На нем был мятый серый костюм, заполненный, впрочем, довольно плотно и воспринявший обрюзглую, обвислую, расплывчатую конфигурацию его тела. Маленькое брюшко и умеренная упитанность указывали на то, что ему знакомо было некоторое изобилие и что он не страдал от голода. На нем была старая коричневая шляпа, поношенное серое пальто, истрепанный красный шарф, и печать подержанности, запущенности на всех этих предметах была неповторима: лучший художник по костюмам не смог бы намеренно ее воспроизвести.

Судьба миллионов людей была написана на этих вещах. В их залосненной, обвислой, вытянутой физиономии раскрывалось убогое житье миллионов тротуарных нолей; и это выражение было так ярко и очевидно, что пока лицо сидевшего мертвеца затягивалось трупной серостью, а тело словно съеживалось, усыхало, на глазах рвало последние связи с жизнью - одежда, наоборот, начинала выглядеть более живой, чем прикрытая ею плоть.

Между тем лицо покойника превратилось в маску смерти, где фантасмагория и реальность сплавляются, рождая страшную иронию, ибо кажется, что в лице и теле мертвого осталось от живой плоти не больше, чем у восковой фигуры в музее, и он усмехается, глазеет, передразнивает жизнь так же жутко и ненатурально, как могла бы только она.
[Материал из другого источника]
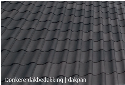
Donkere dakbedekking | dakpan

Het inspiratieblad laat een aantal mogelijkheden zien voor de erf-entrewoning.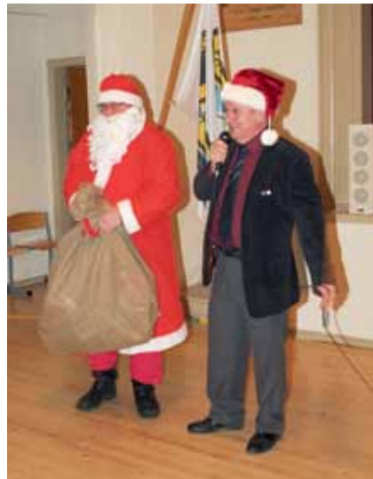
Timppa haastattelee Joulupukkia!

Турникеты все щелкали на тупой деревянной ноте, поток людей все клубился в бетонных стенах, поезда с лязгом и гулом подлетали к платформе и уносились прочь, и время от времени в гуще людей кто-то замедлял шаги, с любопытством воззрясь на сидевшего, и оставался. Скамейку с мертвецом окружало уже широкое кольцо зрителей, и хотя любопытство не давало им уйти, они не напирали, не пытались просунуться поближе, как бывает при кровавой катастрофе.

Нет, они просто стояли застыв, широким полукругом, не приближаясь ни на шаг, и лишь изредка обменивались смущенным взглядом или робким вопросом, который обычно оставался без ответа, ибо спрошенный растерянно, сконфуженно смотрел на спросившего и, пробормотав: "Не знаю", пожимал плечами и бочком отодвигался или плелся прочь. А время от времени полицейские, число которых уже увеличилось до четырех и которые стояли вокруг мертвого выжидательно и безучастно, почему-то вдруг развивали бешеную, почти комическую деятельность и, врезавшись в кольцо зрителей, начинали отгонять и распихивать их, покрикивая нетерпеливыми, раздраженными голосами:

- Ну, всё, всё, всё! Разойдитесь! Разойдитесь! Разойдитесь! Проходите! Проходите! Проходите! Вы мешаете проходу! Проходите! Проходите! Разойдитесь! Разойдитесь!..

И толпа послушно отступала, пятилась, шаркая ногами, а затем, с неодолимым упрямством резинового жгута или шарика ртути, возвращалась, образуя глазастый, встревоженный, беспокойно шепчущийся круг.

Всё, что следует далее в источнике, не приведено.